Essentially, all of these things are tied to two things. The Politicians and the Voter.
The Voter wants to hear good things. And they remember that Children are our future, and that education is the best way forward. Now, while you can't sit down and hear everything about little Devon's life and how his educational journey has led him to find out what's the best thing for him... you can make him a Percentage. Let's say he was a 78 last year. But this year, he's a 83.
My word. The Politicians draconian plans are working! There was an increase of 5 points! That's HUGE! All these points are going up! Stay the course! No more money put into the equation, we have ourselves a winner!
Devon was moved from higher level math to a lower level this year. That C minus he was rocking in Pre-Calculus because he couldn't get the help he needed became a B+ because he's in a remedial math.
But that literally doesn't matter, because all we see is the upwards momentum. Numbers went up. Happy days.
We are not raising educated students. We are raising Test Takers.

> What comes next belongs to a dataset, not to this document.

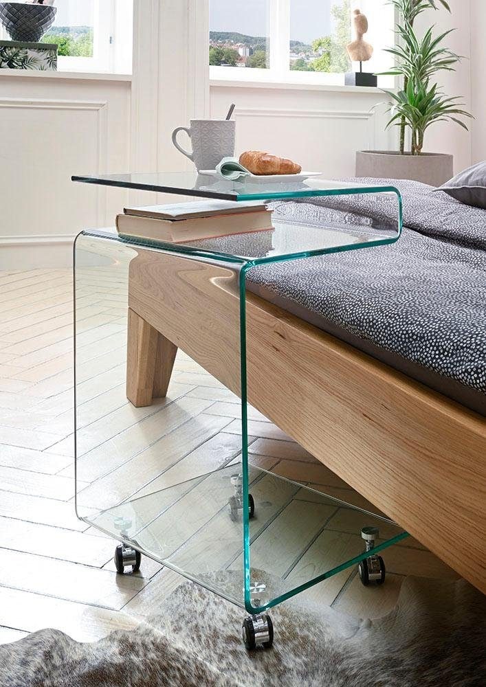 Der elegante Beistelltisch auf Rollen aus dem Hause Paroli beeindruckt mit einer interessanten Gestaltung. Sein Profil ist aus formgebogenem Klarglas erzeugt, das sich in mehreren Stufen hin- und her windet. Er besitzt einen Ablageboden im oberen Bereich, auf dem sich das Smartphone oder Zeitschriften ablegen lassen. Über den praktischen Rollen befindet sich ein weiterer Ablageboden mit Platz für Gläser, Bücher oder Dekorationsgegenstände. Durch seine pflegeleichte Oberfläche erweist sich der Tisch als alltagstauglich und erleichtert die Reinigung. Er passt zu diversen Einrichtungskonzepten und kann im Wohnzimmer, in der Küche oder im Schlafzimmer nützliche Dienste leisten. Mit dem eleganten Beistelltisch auf Rollen aus dem Hause Paroli erhält jede Wohnung eine stilvolle wie praktische Bereicherung.

We are not investing in their future, we're telling those foolhardy enough to be educators to go out into the parking lot, gather some rocks, and somehow figure out a way to use that to make our next batch of Adults who will have to shoulder the responsibility of running this country.
Then we give them an arbitrary guideline via standardized testing. And though a lack of funding to supply these students with necessary resources, enough teachers, and help if they need it... hell, if you don't get us the scores we want, we have to punish you with an even bigger lack of funding and expect you to do better. If not, hey, you must have not wanted it enough so there goes your school.
People in the future will study this and call America Barbaric for how they treated their students. And my only problem with that is that it will take the future for people to finally see that sentiment to be absolutely correct.